Накинула на плечи коромысло, подцепила ведра и пошла, не оборачиваясь. Вот и вся недолга! А он стоял, огромный, опешивший, как дурак, с застрявшими в горле словами, которые еще с вечера приготовился ей сказать.
И только у кузницы, когда она привела подковать коня, разговорились. Конь был горячий, не давал ног, брыкался. Стеша сидела на чурбаке под тополем, вся в зеленых и солнечных пятнах, и любовалась молодым статным кузнецом. Уж это-то он заметил. Уж тут-то он постарался, показал и ей и ее коню свое мастерство.
— Ну вот, бери своего коня.
— Проверю на рыси. Еще не знаю, какое вы счастье-несчастье приковали на все копыта.
— Что ж, проверить можно. Айда, гонись за моим Серко!
Оба взмахнули на коней и умчались в степь. Друг от друга не отставали, так и рысили рядом. И вольготно кругом и радостно обоим — молодым и друг другу под стать, словно Елена Прекрасная да Иван-царевич из сказки.
Что сказка! В жизни, в степи-то, получше было. Далеко ускакали — к облакам, в ковыли, в любовь… Целовал ее, но берег, поклялся вгорячах одну ее любить, пока солнце не погаснет. Да так оно и стало. И она поклялась! Звал ее с собой в Кривой Рог, говорил: «Весь мир для тебя сработаю!» — и для пущей важности кружил ее на своих могучих руках. Смеялась счастливо: «Да куда я с тобой, у меня батя вон хворый, весь израненный, обождать надо маленько…»
Ждал и ждать устал.
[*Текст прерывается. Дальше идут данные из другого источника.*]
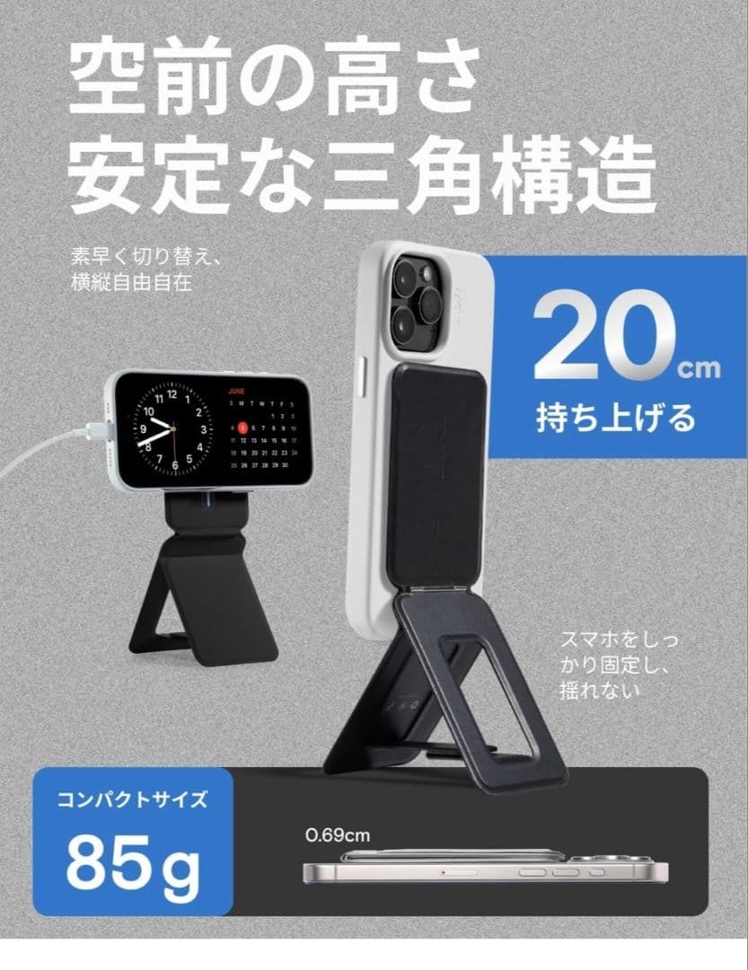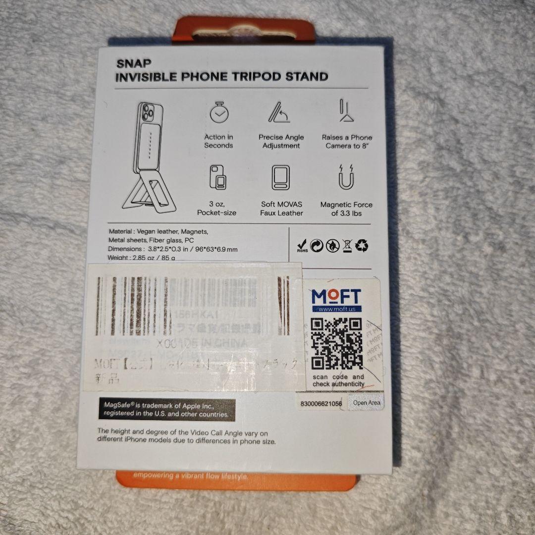 「これがあれば動画撮影がプロ並みになる!」と彼女が手に入れたMOFT公式の「七変化マルチスタンド」、王道のジェットブラックです。 …どうやら「いつでもどこでも立てられる」という安心感だけで満足したのか、未使用のままコレクション入り。 スマホでの撮影やビデオ通話が多い方に、ぜひ! ●商品:MOFT 七変化マルチスタンド - MagSafe対応 ・MOFT Japan正規品、カード収納なしの純粋なスタンドモデルです。 ・色は高級感あふれる定番の「ジェットブラック(漆黒)」。 ・高耐久ヴィーガンレザー「MOVAS」素材。マットな質感が魅力です。 ・MagSafeでiPhoneに強力吸着。 ・特許取得の一体式折り畳み構造で、最大約20cmの高さまでスマホを設置可能!三脚として動画撮影やビデオ会議、ライブ配信で大活躍します。 ・多角度に調整可能で、目線の高さで使えるため姿勢改善にも。 ・折り畳めば厚さ約0.74cmのカードサイズで超薄型。 ・新品未使用です。 ●状態:新品未使用。 ●カラー:ジェットブラック(漆黒、写真参照) ●素材:MOVASヴィーガンレザー、グラスファイバー、マグネット等 ●対応機種:iPhone 12~16全シリーズ(MagSafe対応)。MagSafeケース等で他機種も使用可能です。 実物の写真は5枚目以降になります。説明と異なる場合がありますので、必ず写真をご確認ください。不明点はコメントくださいませ。 訳あり品のため、箱潰れ・ビニール破れ・開封痕・指紋などがある場合がございます。簡易検品のため、使用感や部品不足を見落としている可能性もあります。 完品をお求めの方はご希望に添えない場合がございます。 Amazon参考価格:5780円 即日発送(最安発送方法に変更あり) フォロー+購入希望コメントで100円お値引き ご購入前にプロフィールをご確認ください。 管理番号3 |

Встречались на виду у всех, и не было пары краше. Батя ее, буденновец Сенькин, не перечил: «Для вас, любые, мы на фронтах любовь на саблях добывали». Но Стешу в Кривой Рог не отпустил: «Поезжай, Максим, остепеняйся в рабочем деле, там видно будет».
Уехал. На заводе уже год молотобойцем проработал, как приехала Стеша. Приехала, да и разрыдалась: «Погиб мой батя, кулаки подстрелили. Ну, теперь — твоя. Теперь куда хошь — в мир или по миру!»
Вот так и началось на все четыре!
А потом на Магнитку, на стройку, со всей Россией подались, да и остались. Там и встало все на свое место: и семья, и дети, и горячие цехи, и работа, и все счастье-несчастье, которое наковал в молодости на все копыта.
Ладно жили, правильно. Хорошо, что встретилась и полюбилась на всю жизнь Степанида, а не кто другой. Не то не было бы ни этой жизни, ни дела, ни детей, ни его самого, а было бы наверняка черт-те что, да вдобавок несуразное.
Или все мужики так думают о женах, которых воистину любят до самой гробовой доски? Да, так оно и есть. «Ну, прости-прощай, Степанида Егоровна. Дети — вот и все, что у меня сейчас осталось…»
Течет медленно время, стрекочет будильник, и в грудь глухо толкается сердце, как на поддавки.